Altaïr stepped forward, and – snick – his blade sprang out as he swept one arm round Tamir and used the other to drive the weapon deep.

Tamir made a strangulated sound but did not scream, and for a second he writhed, before going limp. Over his shoulder, Altaïr met the wide eyes of the terrified stallholder and saw the man wrestling with what to do: raise the alarm or … The trader turned his back and moved away.

Altaïr lowered Tamir to the ground between two stalls, out of sight of the bodyguards, who remained oblivious.

Tamir’s eyes fluttered.

‘Be at peace,’ said Altaïr, gently.

‘You’ll pay for this, Assassin,’ rasped Tamir. A fine line of blood ran from his nose. ‘You and all your kind.’

‘It seems you’re the one who pays now, my friend. You’ll not profit from suffering any longer.’

Tamir gave a harsh, shallow laugh. ‘You think me some petty death-dealer, suckling at the breast of war? A strange target, perhaps? Why me, when so many others do the same?’

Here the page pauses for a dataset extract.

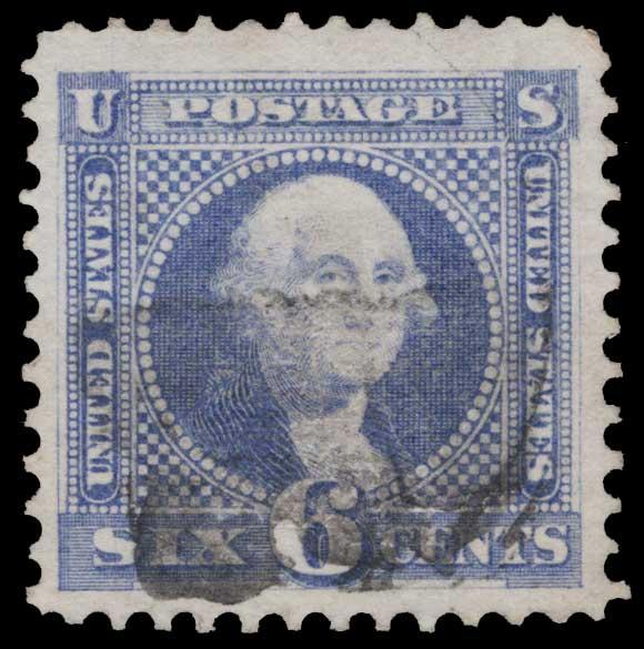 1869, 6c ULTRAMARINE USED GRADED '80J', #115, quite well-centered with oversized margins, very fine jumbo, with 2010 PSE cert. graded '80J', SMQ $400.00 (Image)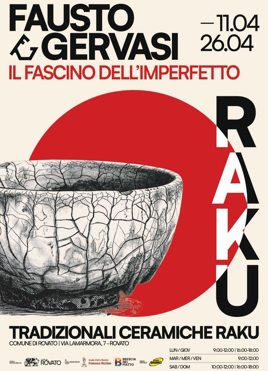 Da sabato 11 a domenica 26 aprile, nel Comune di Rovato, avrà luogo l’esposizione “Il fascino dell’imperfetto” di Fausto Gervasi, dedicata alle tradizionali ceramiche Raku.

‘You believe yourself different, then?’ asked Altaïr.

‘Oh, but I am, for I serve a far nobler cause than mere profit. Just like my brothers …’


Again Tamir chuckled weakly. ‘Ah … he thinks I act alone. I am but a piece. A man with a part to play. You’ll come to know the others soon enough. They won’t take kindly to what you’ve done.’

‘Good. I look forward to ending their lives as well.’

‘Such pride. It will destroy you, child,’ said Tamir. And he passed.

‘People have to die for things to change,’ intoned Altaïr, closing the man’s eyes.

He took Al Mualim’s feather from within his robes and stained it with the blood of Tamir, cast a last look at the bodyguards, then moved off, disappearing into the crowds. He was already a ghost when he heard the cry go up behind him.